Functions to score occurrence table subtables and rows which can be used in the sorting of occurrence tables.
Usage
score_occurrences(table_row)
score_occurrences_cols(...)
score_occurrences_subtable(...)
score_occurrences_cont_cols(...)
Arguments
- table_row
(
TableRow
)
an analysis row in a occurrence table.- ...
arguments for row or column access, see
rtables_access
: eithercol_names
(character
) including the names of the columns which should be used, or alternativelycol_indices
(integer
) giving the indices directly instead.
Value
score_occurrences()
returns the sum of counts across all columns of a table row.
score_occurrences_cols()
returns a function that sums counts across all specified columns
of a table row.
score_occurrences_subtable()
returns a function that sums counts in each subtable
across all specified columns.
Functions
score_occurrences()
: Scoring function which sums the counts across all columns.score_occurrences_cols()
: Scoring functions can be produced by this constructor to only include specific columns in the scoring.score_occurrences_subtable()

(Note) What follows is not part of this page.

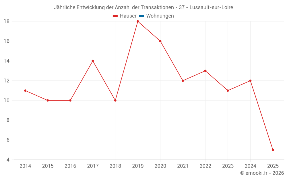 Der Durchschnittspreis auf den 21 Hausgeschäften der letzten 24 Monate in der Gemeinde Lussault-sur-Loire betrug 2 330 € pro Quadratmeter für einen mittleren Immobilienwert von 179 000 €. Über diesen Zeitraum hinweg lagen 60% der Transaktionen zwischen 1 391 und 2 679 € pro Quadratmeter (vom 2. bis zum 8. Dezil).
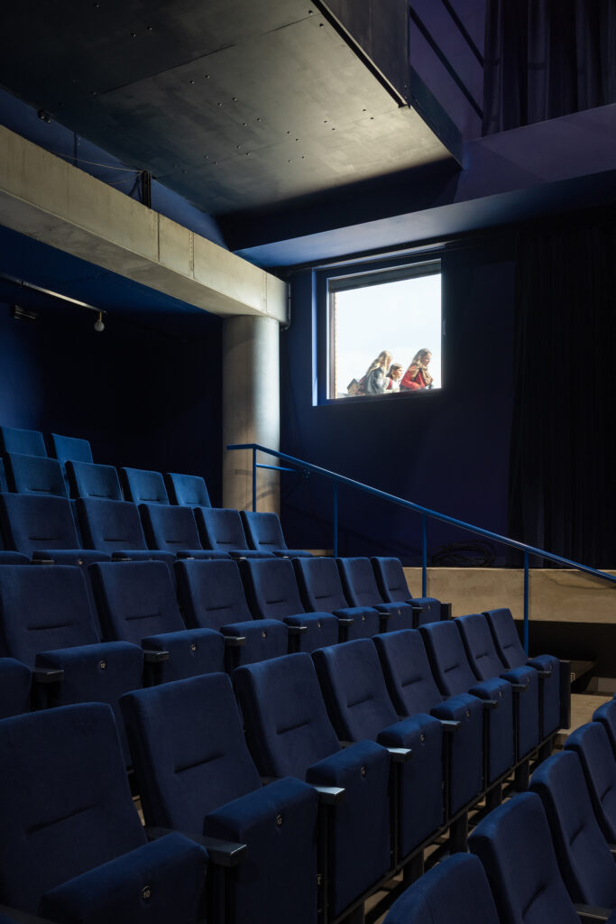 Ouest decided to take advantage of the specificity of this city, built on two levels of technical space, and pushed the stage one floor down. The project preserves the existing roof structure, creating the extra height within the existing gabarite, and avoids modifying the existing urban volumes too much.

: Scoring functions produced by this constructor can be used on subtables: They sum up all specified column counts in the subtable. This is useful when there is no available content row summing up these counts.score_occurrences_cont_cols()
: Produce score function for sorting table by summing the first content row in specified columns. Note that this is extendingrtables::cont_n_onecol()
andrtables::cont_n_allcols()
.
Examples
library(scda)
library(rtables)
adsl <- synthetic_cdisc_data("latest")$adsl
adae <- synthetic_cdisc_data("latest")$adae
lyt <- basic_table() %>%
split_cols_by("ARM") %>%
add_colcounts() %>%
summarize_num_patients(
var = "USUBJID",
.stats = c("unique"),
.labels = c("Total number of patients with at least one event")
) %>%
split_rows_by("AEBODSYS", child_labels = "visible", nested = FALSE) %>%
summarize_num_patients(
var = "USUBJID",
.stats = c("unique", "nonunique"),
.labels = c(
"Total number of patients with at least one event",
"Total number of events"
)
) %>%
count_occurrences(vars = "AEDECOD")
rtable_object <- build_table(lyt, adae, alt_counts_df = adsl) %>%
prune_table()
rtable_object_sorted <- rtable_object %>%
sort_at_path(path = c("AEBODSYS", "*", "AEDECOD"), scorefun = score_occurrences)
rtable_object_sorted
#> A: Drug X B: Placebo C: Combination
#> (N=134) (N=134) (N=132)
#> ————————————————————————————————————————————————————————————————————————————————————————————————
#> Total number of patients with at least one event 122 (91%) 123 (91.8%) 120 (90.9%)
#> cl A.1
#> Total number of patients with at least one event 78 (58.2%) 75 (56%) 89 (67.4%)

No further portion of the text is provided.